Methods: Genetic tests for SCA were performed in 302 of 528 patients who met the diagnostic criteria for MSA based on clinical features. Generally, when a patient had cerebellar symptoms or cerebellar atrophy on neuroimaging, genetic tests for SCA types 1, 2, 3, 6, 7, and 17, and dentatorubropallidoluysian atrophy were done, and when a patient had parkinsonism without cerebellar symptoms, genetic tests for SCA types 2, 3, and 17 were done.

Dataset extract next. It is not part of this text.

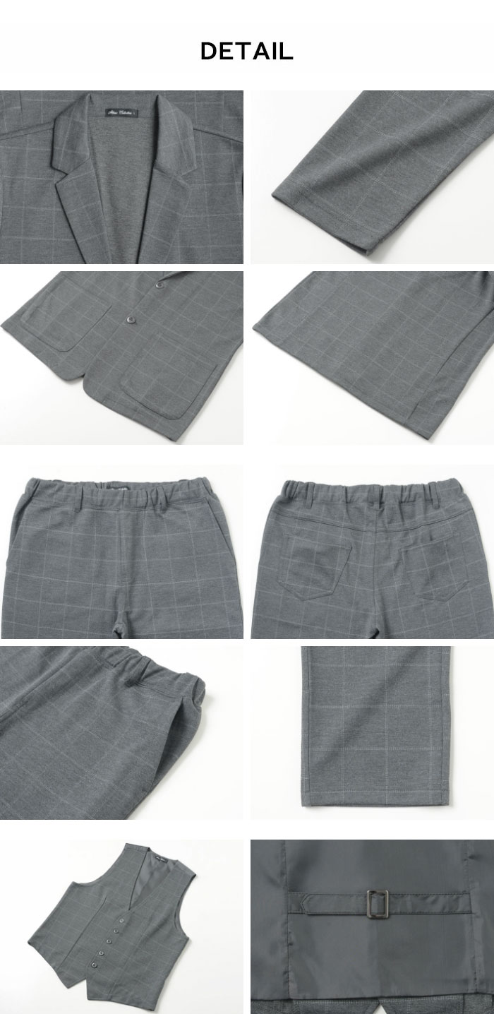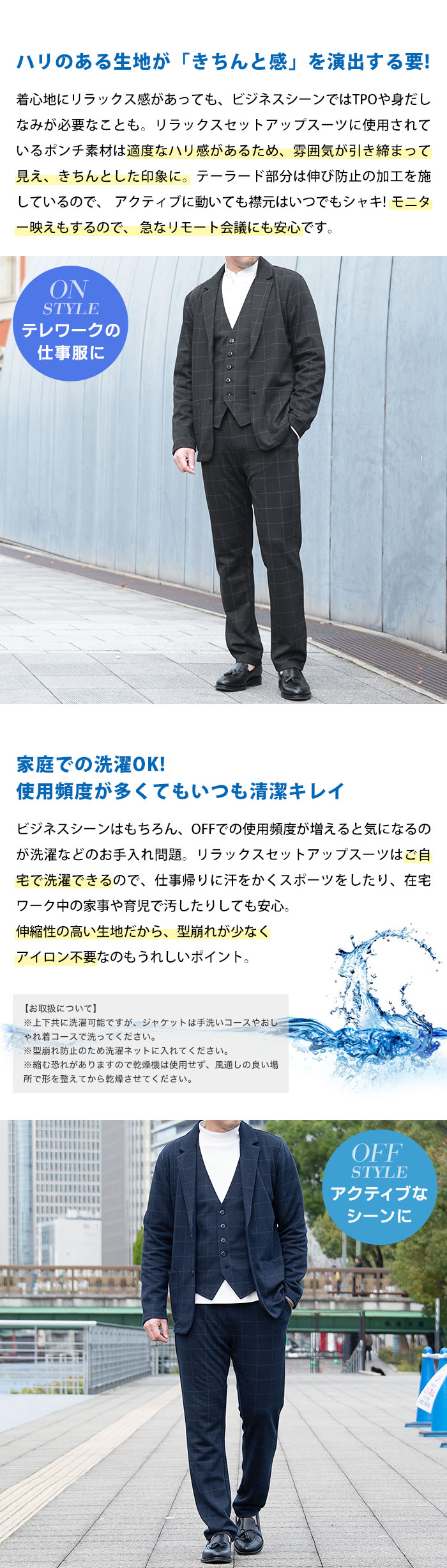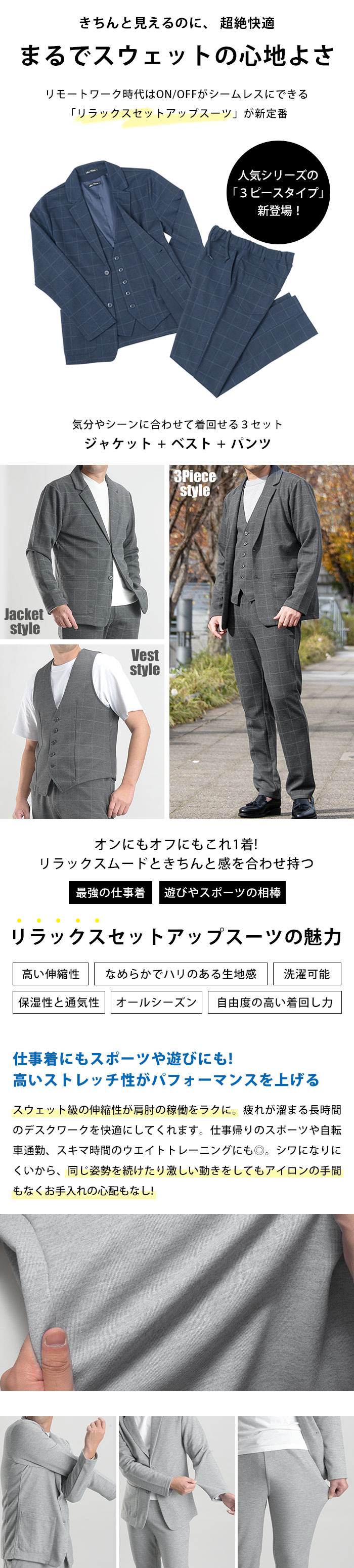 メンズ(男性用・紳士服) メンズファッション ジャケット パンツ セットアップ 軽量 軽い イージーパンツ ドローストリング リラックスパンツ アクティブフィットスーツ ビジカジ 灰色 黒 紺 部屋着 家着 ルームウェア ホームウェア ワークスーツ web会議 リモートワーク 在宅勤務 ウィンドウペンチェック 格子柄 3ピーススーツ スリーピース 2つボタン メンズスーツ ジレ ベスト 三つ揃い おしゃれ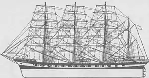 | Тип парусного вооружения | 4-мачтовый барк |

Results: Mutations in SCA genes were found in 22 of the 302 patients (7.3%) with SCA17 comprising more than half of the mutation-positive cases. The age at disease onset in these 22 patients was not different compared with the 280 patients without mutations (55.9 ± 9.3 vs 59.2 ± 8.9, p = 0.102). All patients had urinary symptoms, and 10 patients also had orthostatic dizziness or orthostatic hypotension. A family history was reported in only 3 patients. Of note, dream enactment behavior suggesting REM sleep behavior disorder was reported in 9 of the 11 patients (81.8%) asked.
Conclusions: The high proportion of patients with SCA mutations in this study indicates that genetic testing for SCA should be included for patients with MSA, especially for patients with cerebellar dysfunctions.
© 2014 American Academy of Neurology.